> [Goal of the exercise]:
Since the records include pictures, leave those out while you reproduce exactly and only the lines from the one containing "Incredible custom built" through the one containing "近日,在第八届全国高校大学日", inclusive.

● ● ● ● ● ● ●

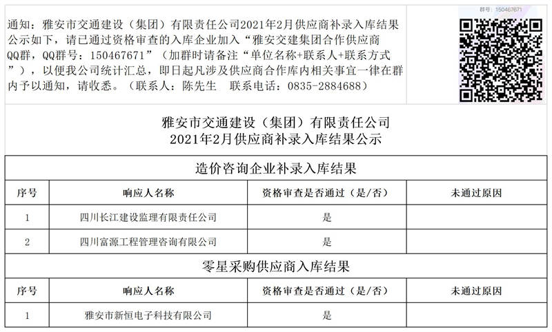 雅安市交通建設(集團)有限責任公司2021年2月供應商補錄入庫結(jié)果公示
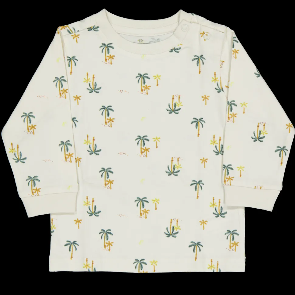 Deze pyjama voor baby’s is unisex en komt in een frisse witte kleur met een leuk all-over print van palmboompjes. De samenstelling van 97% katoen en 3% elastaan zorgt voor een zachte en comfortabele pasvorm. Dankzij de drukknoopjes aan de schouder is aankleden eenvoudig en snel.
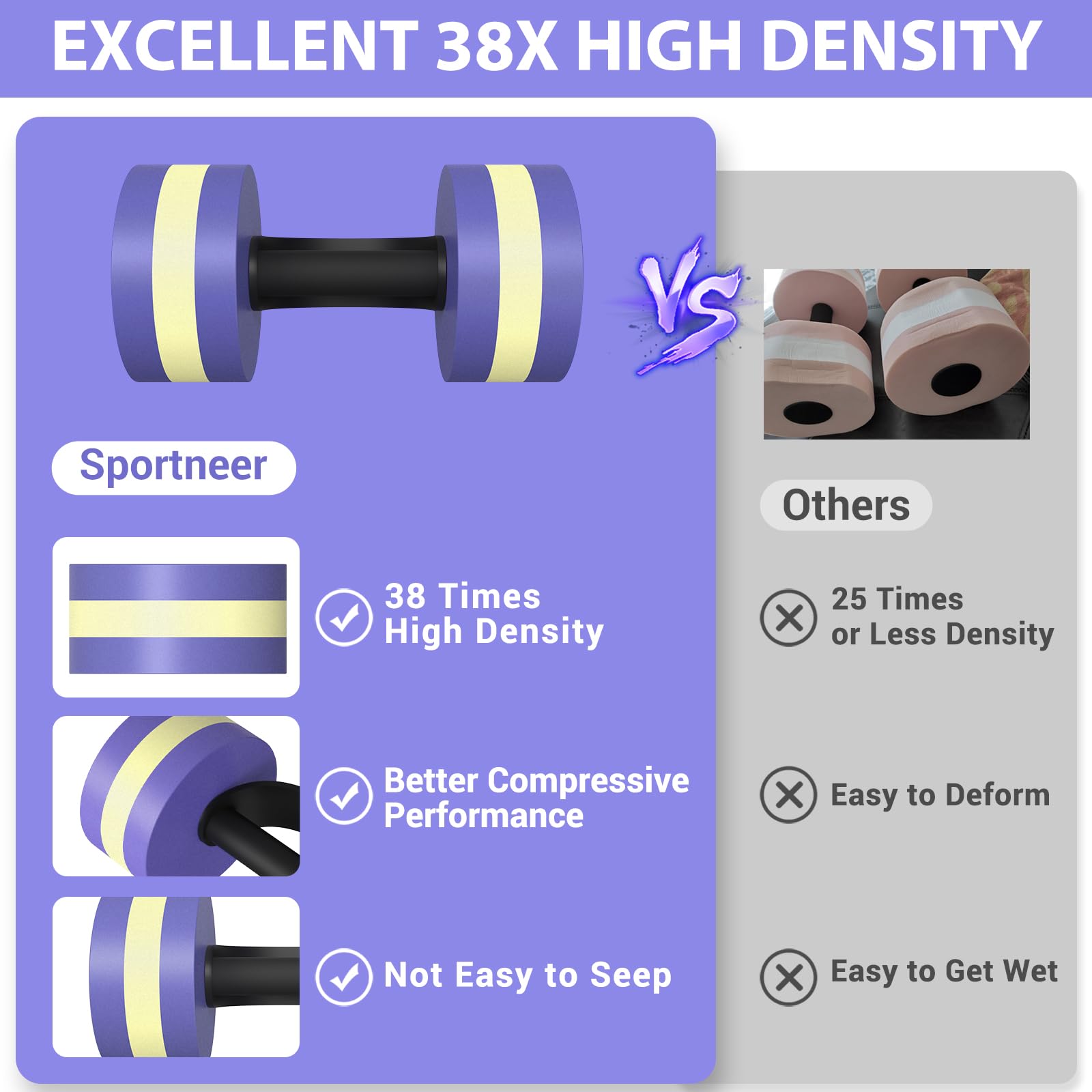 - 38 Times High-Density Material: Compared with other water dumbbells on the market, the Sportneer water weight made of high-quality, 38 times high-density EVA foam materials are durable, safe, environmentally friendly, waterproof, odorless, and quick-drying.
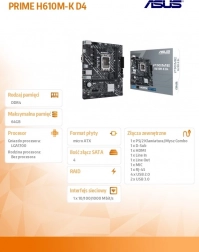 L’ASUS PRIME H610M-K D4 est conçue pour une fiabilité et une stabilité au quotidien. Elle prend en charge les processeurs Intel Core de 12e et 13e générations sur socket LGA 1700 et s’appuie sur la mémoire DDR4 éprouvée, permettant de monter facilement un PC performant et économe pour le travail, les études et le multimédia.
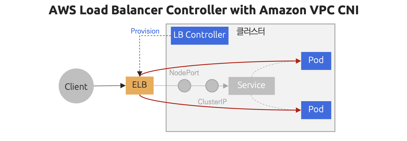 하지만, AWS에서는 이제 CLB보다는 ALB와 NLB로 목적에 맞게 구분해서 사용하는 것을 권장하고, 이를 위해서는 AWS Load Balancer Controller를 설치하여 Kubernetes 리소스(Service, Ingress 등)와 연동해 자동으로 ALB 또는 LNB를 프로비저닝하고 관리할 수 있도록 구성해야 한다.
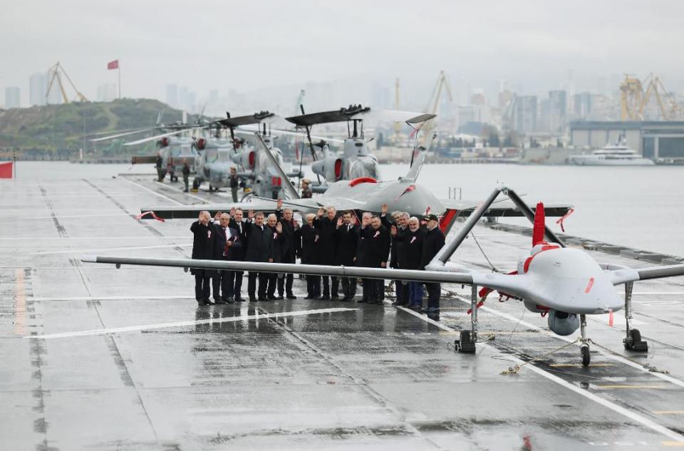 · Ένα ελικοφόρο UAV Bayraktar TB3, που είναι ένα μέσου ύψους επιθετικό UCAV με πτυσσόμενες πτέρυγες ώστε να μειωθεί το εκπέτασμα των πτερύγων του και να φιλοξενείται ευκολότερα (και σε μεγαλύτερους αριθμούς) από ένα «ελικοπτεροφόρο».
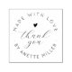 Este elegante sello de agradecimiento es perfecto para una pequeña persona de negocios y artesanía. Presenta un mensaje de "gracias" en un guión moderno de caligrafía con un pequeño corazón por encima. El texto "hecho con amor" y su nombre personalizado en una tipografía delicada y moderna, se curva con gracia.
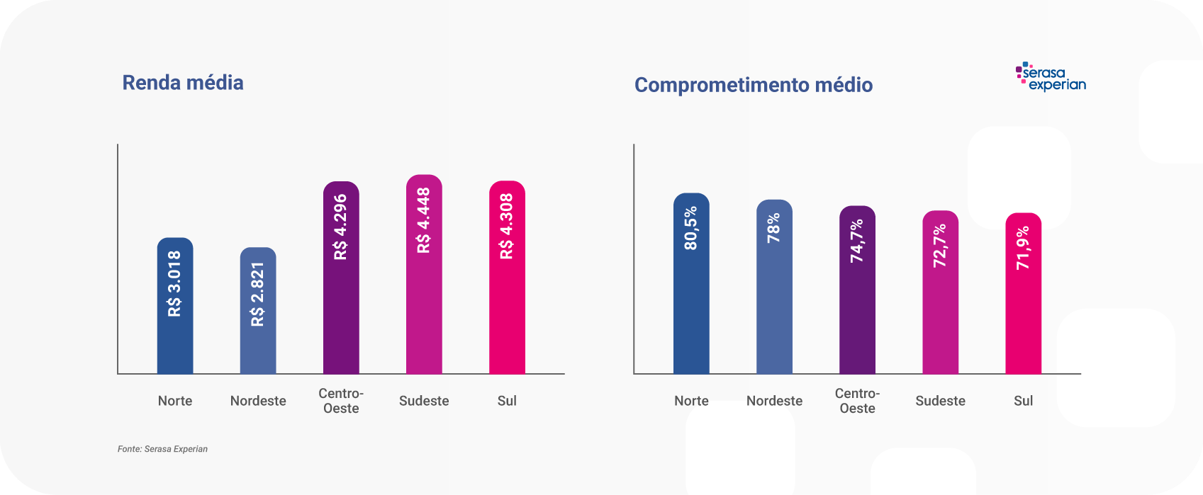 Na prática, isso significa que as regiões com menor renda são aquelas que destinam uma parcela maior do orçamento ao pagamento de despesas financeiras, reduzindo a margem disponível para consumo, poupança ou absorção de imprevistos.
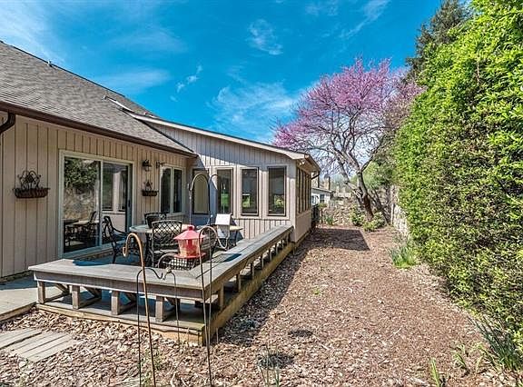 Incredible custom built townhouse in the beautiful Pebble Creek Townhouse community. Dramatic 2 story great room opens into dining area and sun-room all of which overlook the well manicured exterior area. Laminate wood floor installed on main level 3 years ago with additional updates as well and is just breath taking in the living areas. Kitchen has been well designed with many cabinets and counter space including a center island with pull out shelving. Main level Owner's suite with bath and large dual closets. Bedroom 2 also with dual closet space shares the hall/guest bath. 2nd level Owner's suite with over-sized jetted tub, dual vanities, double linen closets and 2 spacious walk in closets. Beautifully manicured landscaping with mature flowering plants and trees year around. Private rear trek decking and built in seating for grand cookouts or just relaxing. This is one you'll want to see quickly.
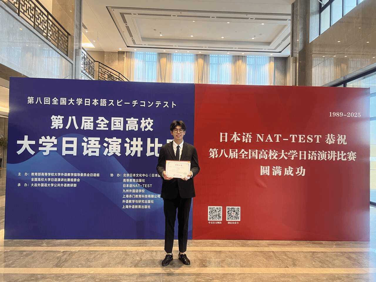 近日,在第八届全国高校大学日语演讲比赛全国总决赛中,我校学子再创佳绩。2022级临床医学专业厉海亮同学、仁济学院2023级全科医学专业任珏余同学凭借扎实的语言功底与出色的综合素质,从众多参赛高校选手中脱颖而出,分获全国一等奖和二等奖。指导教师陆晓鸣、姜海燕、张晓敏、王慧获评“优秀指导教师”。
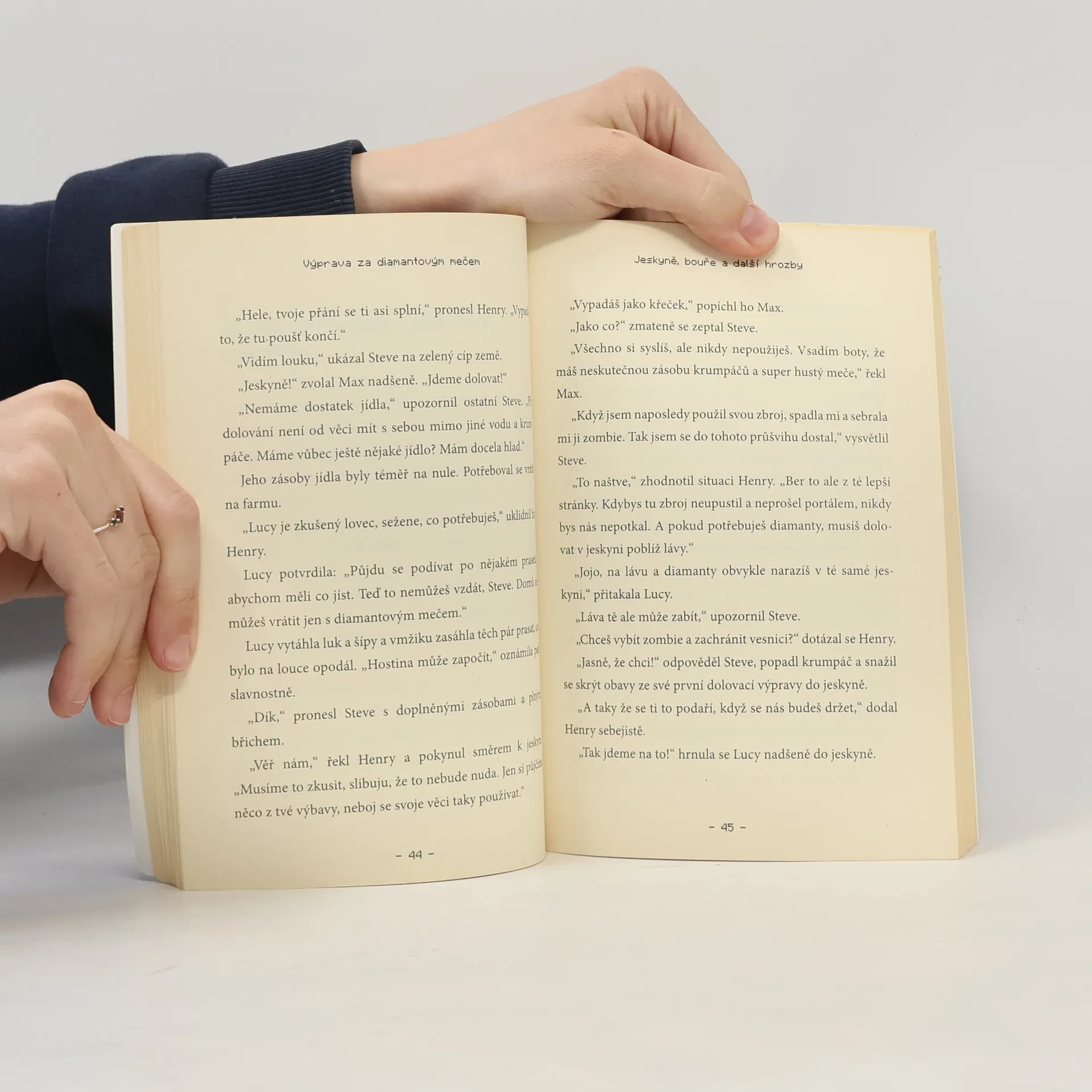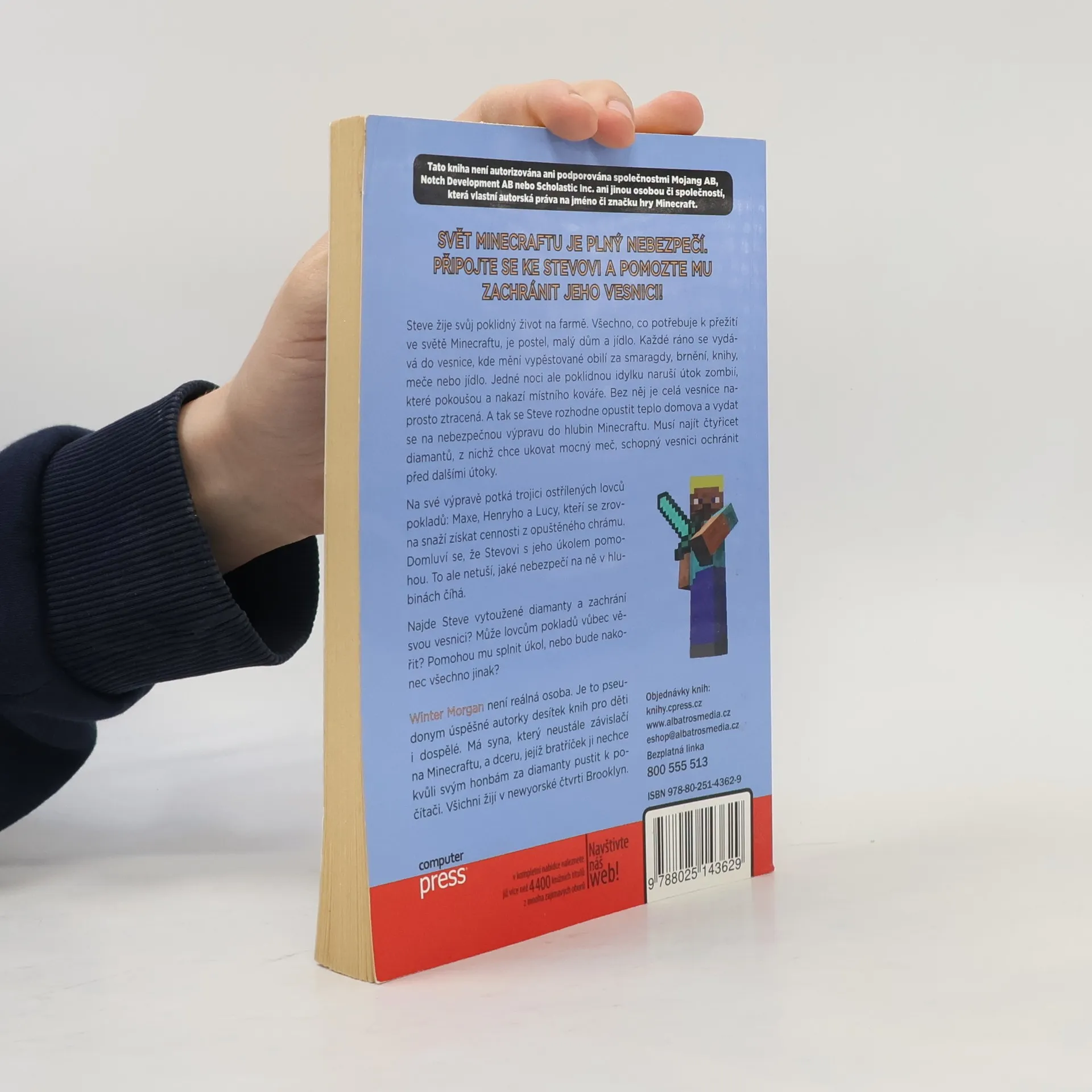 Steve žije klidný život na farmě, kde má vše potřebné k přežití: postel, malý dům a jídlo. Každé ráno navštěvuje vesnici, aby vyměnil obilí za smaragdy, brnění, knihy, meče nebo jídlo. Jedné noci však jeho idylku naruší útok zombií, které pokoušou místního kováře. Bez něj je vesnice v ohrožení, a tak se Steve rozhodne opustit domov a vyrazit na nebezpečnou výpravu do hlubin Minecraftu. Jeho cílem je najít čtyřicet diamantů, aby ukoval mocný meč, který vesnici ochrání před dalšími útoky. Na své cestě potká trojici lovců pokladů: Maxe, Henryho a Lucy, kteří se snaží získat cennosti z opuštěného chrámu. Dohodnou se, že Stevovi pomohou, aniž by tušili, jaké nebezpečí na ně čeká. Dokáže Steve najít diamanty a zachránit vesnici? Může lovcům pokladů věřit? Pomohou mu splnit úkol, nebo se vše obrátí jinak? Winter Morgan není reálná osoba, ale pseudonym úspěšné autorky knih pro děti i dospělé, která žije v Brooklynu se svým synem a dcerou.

● ● ● ● ● ● ●

> [Written answer]:
 Incredible custom built townhouse in the beautiful Pebble Creek Townhouse community. Dramatic 2 story great room opens into dining area and sun-room all of which overlook the well manicured exterior area. Laminate wood floor installed on main level 3 years ago with additional updates as well and is just breath taking in the living areas. Kitchen has been well designed with many cabinets and counter space including a center island with pull out shelving. Main level Owner's suite with bath and large dual closets. Bedroom 2 also with dual closet space shares the hall/guest bath. 2nd level Owner's suite with over-sized jetted tub, dual vanities, double linen closets and 2 spacious walk in closets. Beautifully manicured landscaping with mature flowering plants and trees year around. Private rear trek decking and built in seating for grand cookouts or just relaxing. This is one you'll want to see quickly.
 近日,在第八届全国高校大学日语演讲比赛全国总决赛中,我校学子再创佳绩。2022级临床医学专业厉海亮同学、仁济学院2023级全科医学专业任珏余同学凭借扎实的语言功底与出色的综合素质,从众多参赛高校选手中脱颖而出,分获全国一等奖和二等奖。指导教师陆晓鸣、姜海燕、张晓敏、王慧获评“优秀指导教师”。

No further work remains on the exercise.